Viewing a single comment thread. View all comments

mikeholczer t1_j6bb50x wrote

If one follows your steps, the most common outcome is one letter and there has no between-letter patterns which clearly doesn’t match the between-letter patterns of the source data.

−2

kilopeter OP t1_j6bbmom wrote

It does if you include the placeholder "characters" for the start and end of each name! The most probable "name" A represents three tokens: [name start], A, [name end]. And if you generate many names using the transition matrix, you will indeed observe that the frequency of [name start] -> A and A -> [name end] matches the corresponding frequencies in the source data.
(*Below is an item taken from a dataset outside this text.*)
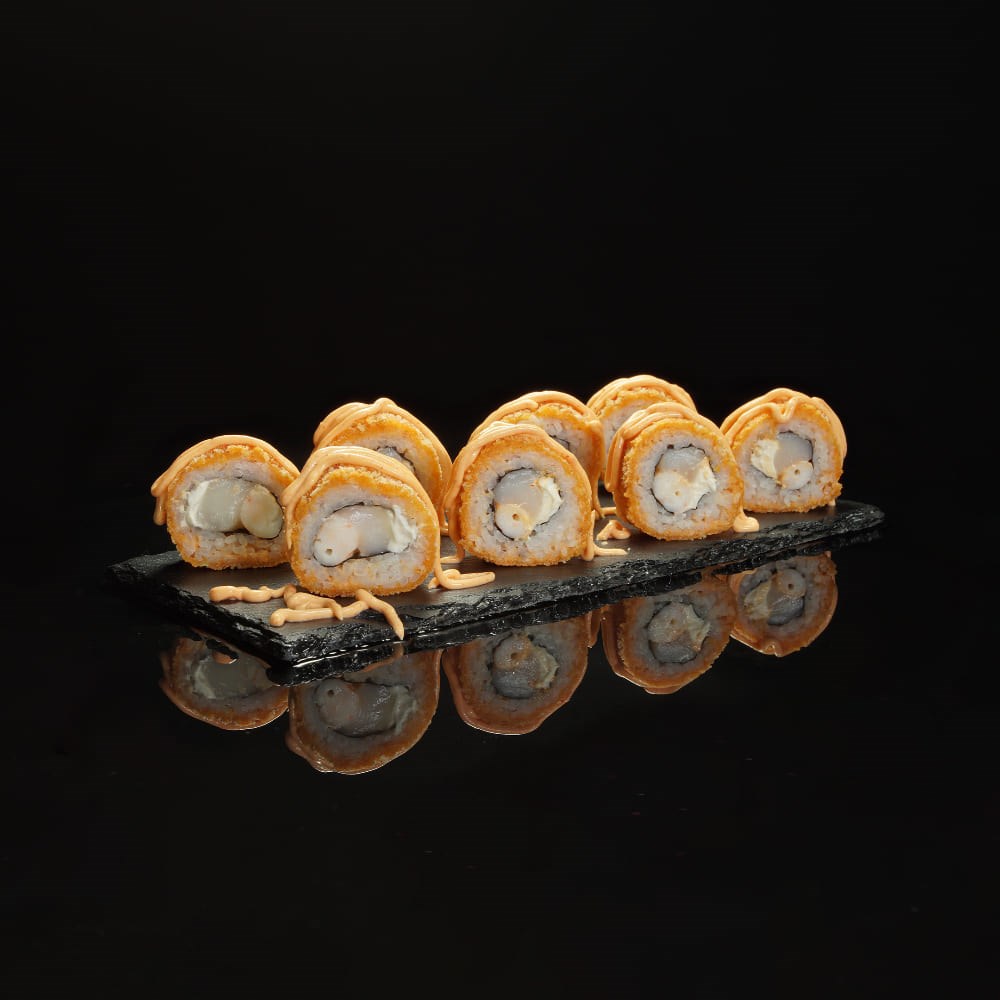 Рис, водоросли нори, сыр творожный, креветка отварная, кальмар обжаренный, кляр, сухари панировочные, соус спайси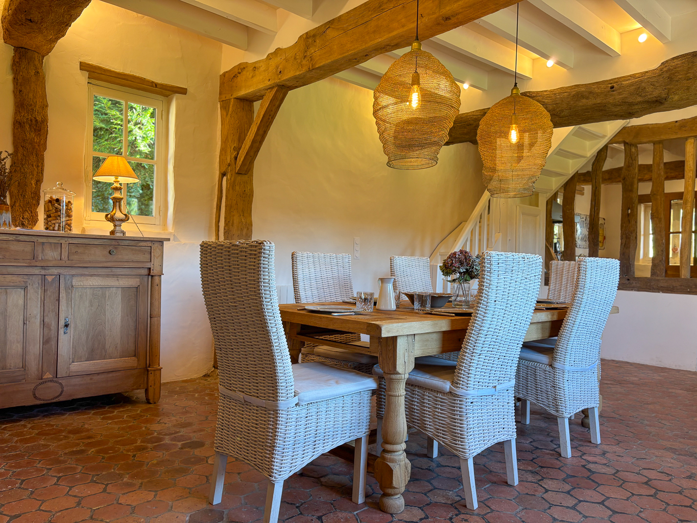 À l’extérieur, profitez de l’ample jardin et prenez vos repas sur la terrasse couverte. La cuisine d’extérieur avec barbecue vous permettra de partager des moments conviviaux. Pour les amateurs de pétanque, un terrain est à votre disposition, tandis que ceux qui préfèrent le farniente pourront se détendre au bord de la piscine chauffée à 27°C (ouverte de juin à septembre) tout en admirant la vue splendide sur la campagne normande.

EDIT: on reflection, I agree with you. I should introduce the heatmap as a description of transition probabilities, but should avoid walking the reader through using the transition matrix to generate new "names." I should separate the topic of generating new names using the transition matrix under the (invalid) Markov assumption as a diversion. Thanks for pointing out the flaw in my explanation. I'll edit my top level comment when I have a chance!

2

globglogabgalabyeast t1_j6bwjuz wrote

Did you already edit it? Cause I never got the impression that you were implying this process would lead to realistic names

2

kilopeter OP t1_j6ea6zq wrote

Nah, I'm only just now getting a chance to edit my top-level comment. Thanks for throwing in your vote! I feel like I can reword the "interpretation" part better to avoid any possible misinterpretation.

1